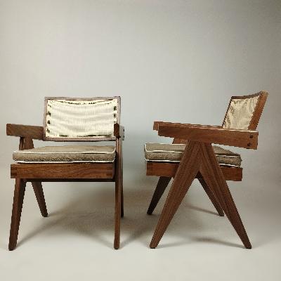 Par de sillas estilo Pierre Jeanneret. Madera de tzalam. Respaldos y asientos en palma tejida sobre soportes tipo tijera. Incluye cojín.
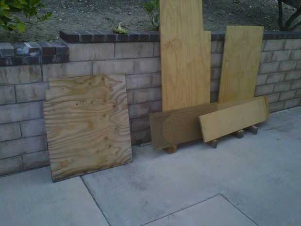 • Se puede utilizar lo que madera tienes puesta alrededor. No tenía suficiente de un mismo tipo para lograr que se haga así que compré algunos 19/32" revestimiento de madera contrachapada. Creo que fue alrededor de $17 por hoja. Necesitaba un poco más de 2 hoja así que tuve que comprar 3.
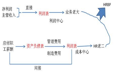 第二层面,对HR部门的绩效考核指标中,人工成本的下降是老板最关注的指标。按照我国会计准则的规定,应付职工薪酬是以会计科目的形式列示在“资产负债表”中,但它如何进入“利润表”呢?在实践中,它是以管理费用(如中高层管理人员工资)和制造费用(如生产管理人员工资)归集到“利润表”中的。所以,应付职工薪酬是间接进入“利润表”的,这也能解释为何HR部门是成本中心。
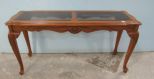 Two glass panels, bolt on legs, has some wear, 25"h., 52"w., 17"d. Two glass panels, bolt on legs, has some wear, 25"h., 52"w., 17"d.
■ ■ ■ ■
[Activity]: Copy out all the data above exactly, minus the images.

[Result of this exercise]:
 Par de sillas estilo Pierre Jeanneret. Madera de tzalam. Respaldos y asientos en palma tejida sobre soportes tipo tijera. Incluye cojín.
 • Se puede utilizar lo que madera tienes puesta alrededor. No tenía suficiente de un mismo tipo para lograr que se haga así que compré algunos 19/32" revestimiento de madera contrachapada. Creo que fue alrededor de $17 por hoja. Necesitaba un poco más de 2 hoja así que tuve que comprar 3.
 第二层面,对HR部门的绩效考核指标中,人工成本的下降是老板最关注的指标。按照我国会计准则的规定,应付职工薪酬是以会计科目的形式列示在“资产负债表”中,但它如何进入“利润表”呢?在实践中,它是以管理费用(如中高层管理人员工资)和制造费用(如生产管理人员工资)归集到“利润表”中的。所以,应付职工薪酬是间接进入“利润表”的,这也能解释为何HR部门是成本中心。
 Two glass panels, bolt on legs, has some wear, 25"h., 52"w., 17"d. Two glass panels, bolt on legs, has some wear, 25"h., 52"w., 17"d.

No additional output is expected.